Segment Start: Information shown

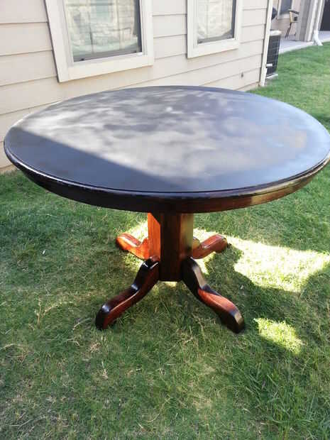 Aunque no tengo una foto del siguiente paso, usé cinta al borde de la parte superior de la tabla por lo que podría pulverizar la pintura de pizarra. Era fácilmente 100 más grados fuera aquí en Killeen, Texas, la pintura seca muy rápido y he podido aplicar varias capas en cuestión de pocos minutos. Una vez que se hizo la parte superior me quitado la cinta y comenzó con la mancha de madera en el borde de la mesa y las piernas un cepillo.
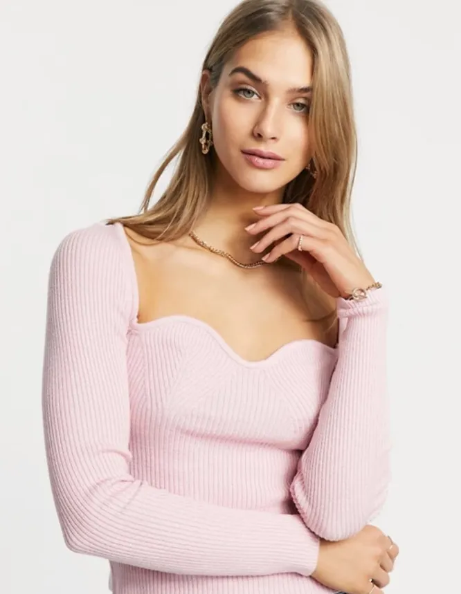 Хит сезона — топ в рубчик с вырезом «сердечко».
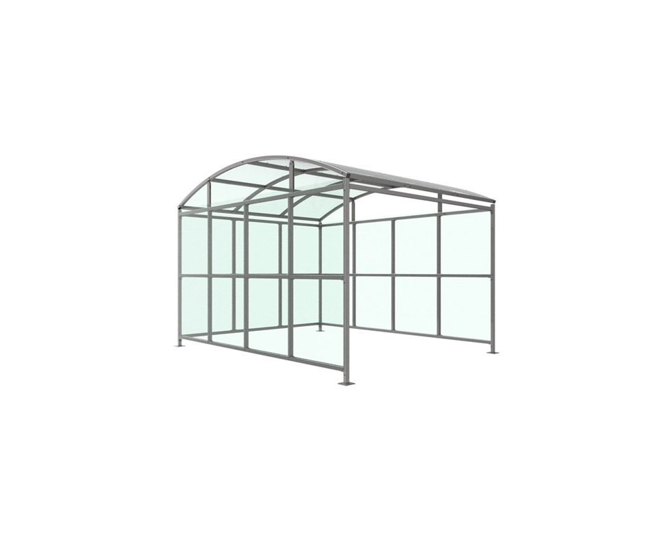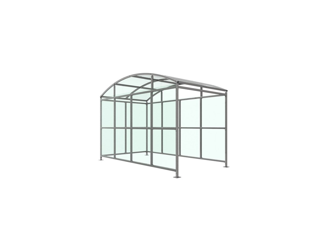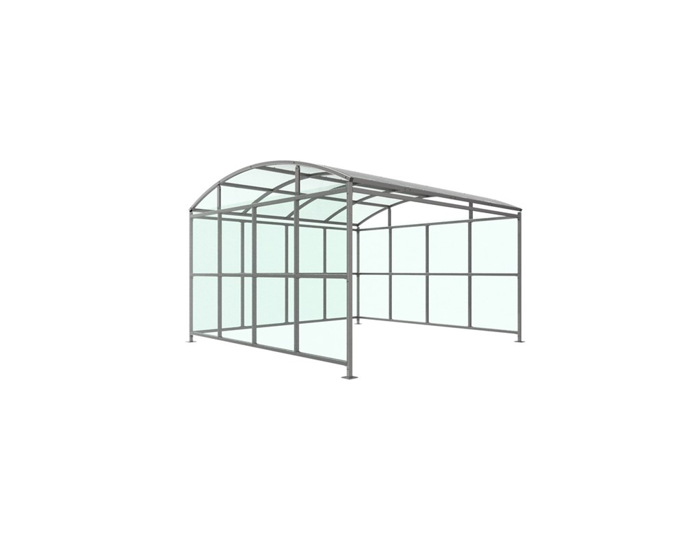 The Wilson shelter is a free-standing, open fronted shelter designed for on site assembly, constructed from galvanised mild steel. Complete with a 4mm PETG clear sheet roof, and side panels. Side-to side curved roof. Width of 4m, with lengths from 1m-5m, extension bays can be added to achieve the desired shelter length. Bolt down as standard.
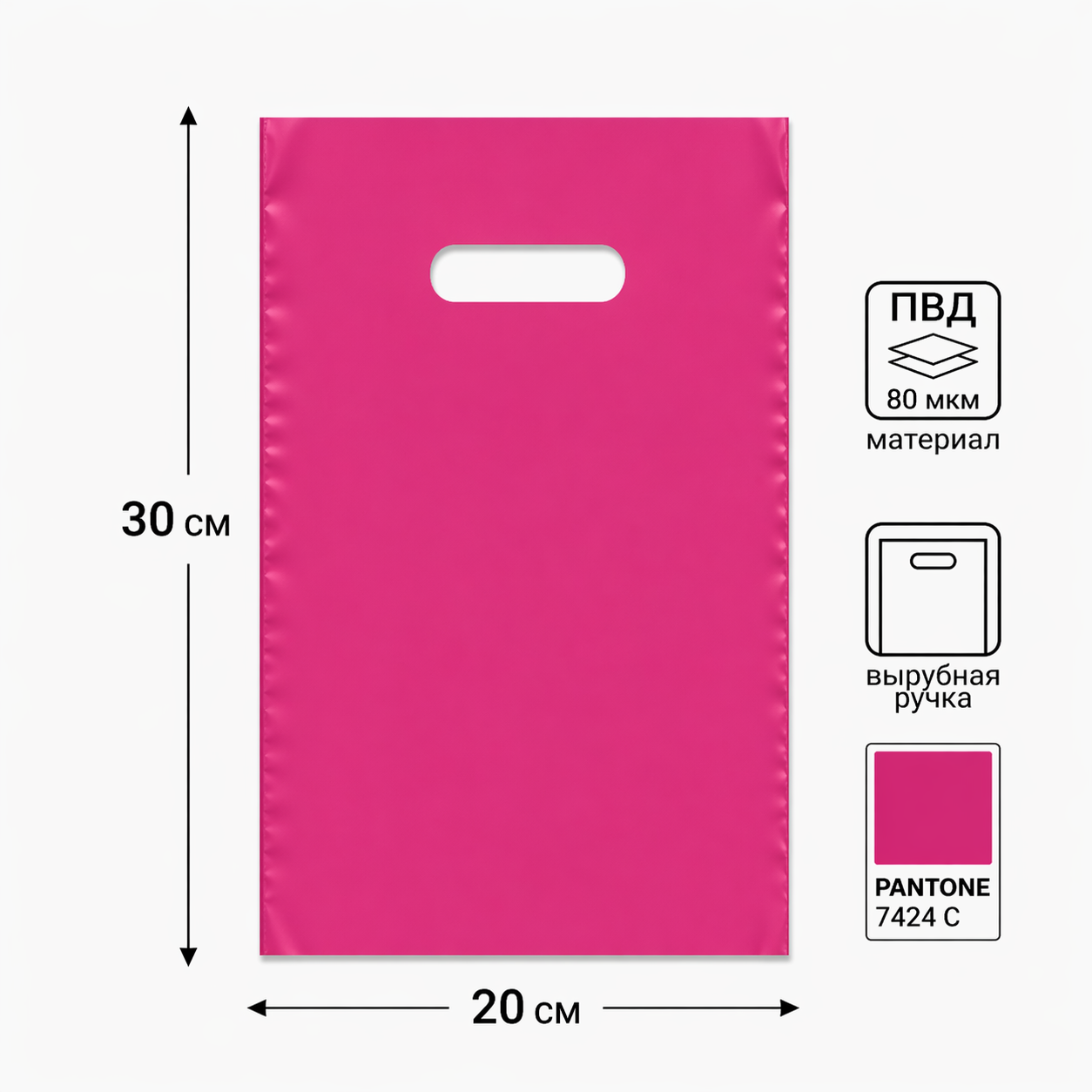 Фуксия полиэтиленовый пакет с вырубной ручкой 20*30 см, плотностью 80 мкм, без усиления.

Segment End: Information shown

Repeat all the data as it stands, dropping any images it holds.

The completed task:
 Aunque no tengo una foto del siguiente paso, usé cinta al borde de la parte superior de la tabla por lo que podría pulverizar la pintura de pizarra. Era fácilmente 100 más grados fuera aquí en Killeen, Texas, la pintura seca muy rápido y he podido aplicar varias capas en cuestión de pocos minutos. Una vez que se hizo la parte superior me quitado la cinta y comenzó con la mancha de madera en el borde de la mesa y las piernas un cepillo.
 Хит сезона — топ в рубчик с вырезом «сердечко».
 The Wilson shelter is a free-standing, open fronted shelter designed for on site assembly, constructed from galvanised mild steel. Complete with a 4mm PETG clear sheet roof, and side panels. Side-to side curved roof. Width of 4m, with lengths from 1m-5m, extension bays can be added to achieve the desired shelter length. Bolt down as standard.
 Фуксия полиэтиленовый пакет с вырубной ручкой 20*30 см, плотностью 80 мкм, без усиления.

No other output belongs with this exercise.